In anticipation of increasing climate changes, the UN has prioritized resilience-building strategies that seek to sustain peace by preparing communities for climate shocks and increased resource stresses. The Sendai Framework for Disaster Risk Reduction, for example, is a non-binding agreement adopted by UN member states in March 2015 aiming to reduce the substantial “disaster risk and losses.” Similarly, the UN Secretary-General’s Climate Resilience Initiative (A2R) seeks to “accelerate action to strengthen climate resilience in support of the 2030 Agenda.” Both prioritize global cooperation for improved anticipation of and responsiveness to climate shocks. If successful, improved resilience may better insulate vulnerable populations against excessively negative climate impacts that could contribute to a breakdown of peaceful social relations.

In certain cases – northern Mali for example – extreme and increasingly variable weather conditions have been linked to the outbreak of conflict. However, climate change’s relationship to violence is complex, often viewed more as a compounding factor than a root cause, despite worsening climatic conditions’ social impacts. adelphi’s report “New Climate for Peace: Taking Action on Climate and Fragility Risks” articulates this relationship, defining climate change as a “threat multiplier” that can “aggravate fragile situations and may contribute to social upheaval and even violent conflict.” Despite the link between conditions for sustaining peace and climate change, action to improve these conditions is far from assured. Proactive strategies will help people manage climate change peacefully. But proponents of sustaining peace must also look beyond improved anticipation and preparation toward advancing the necessary changes in energy production and consumption to keep global temperatures well below the two degrees stated in the Paris Agreement.

Thinking ahead

Encouraging politicians and businesses to invest in climate action to sustain peace over the longer-term can be difficult. “We live in a world that has become highly enamoured and driven by short-term gains and short-term returns,” explained Macharia Kamau, who holds the three positions of Permanent Representative of Kenya to the UN, Peacebuilding Commission Chairperson, and UN Special Envoy on El Niño and Climate. Lacking incentive to think beyond current election or business cycles may lie at the heart of abbreviated timelines for investment and policy action on issues like climate change and conflict prevention. But this does not make the shift in thinking any less necessary. During numerous meetings at the UN General Assembly this September, senior diplomats and UN officials emphasized the emergence of a proactive mindset associated with the adoption of Agenda 2030 and the sustaining peace resolutions. This prioritizes reimagining the UN’s role as less of a crisis response unit and more of a pre-emptive long-term planner for crises aversion.

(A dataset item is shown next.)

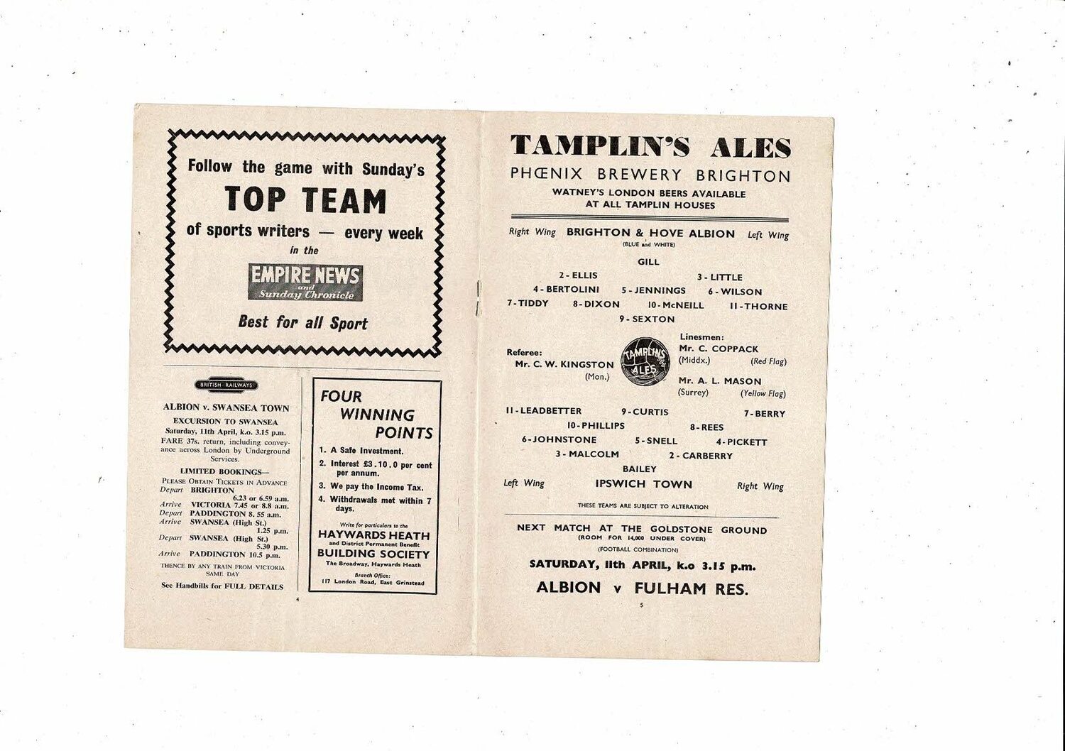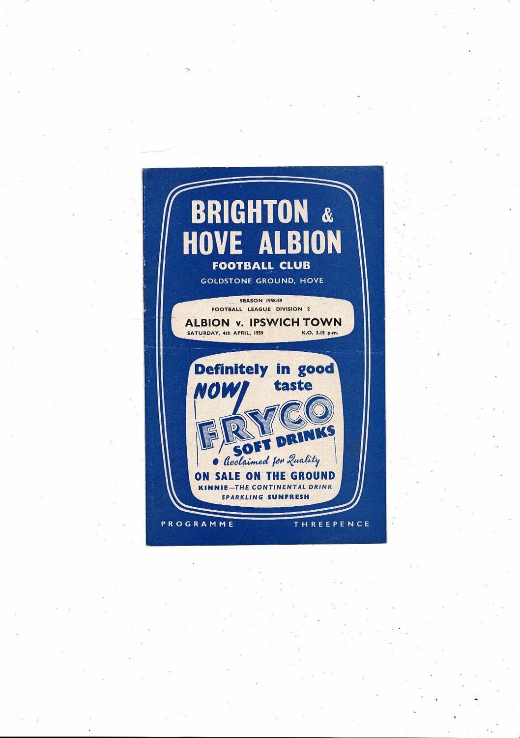 1958/59 Brighton v Ipswich Town Football Programme

Mexico’s establishment of a Group of Friends on Sustaining Peace, which currently includes 30 UN member states with four from Africa, is a good step toward galvanizing and normalizing long-term, comprehensive thinking for sustaining peace. But more political momentum is certainly necessary. As the Paris Agreement comes into force with over 55 ratifications (only 16 from Africa) representing over 55 percent of global emissions, advocates of sustaining peace should harness this broad-based political momentum by highlighting the links between climate action and conflict prevention.

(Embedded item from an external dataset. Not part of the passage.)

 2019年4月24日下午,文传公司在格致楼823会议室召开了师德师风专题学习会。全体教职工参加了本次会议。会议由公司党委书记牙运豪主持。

“Action and implementation” of the Paris Agreement commitments is the stated objective of this November’s COP22 meeting in Marrakech, Morocco. Action on climate change will require looking boldly past immediate political and economic costs in favour of long-term stability, developmental dividends, and conditions for peace. In the short term, countries may see the economic rational for immediate investment in climate action, but countries should also realise and act upon the opportunity this provides for sustaining peace.

Jonathan Rozen is a Research Associate at the Institute for Security Studies (ISS).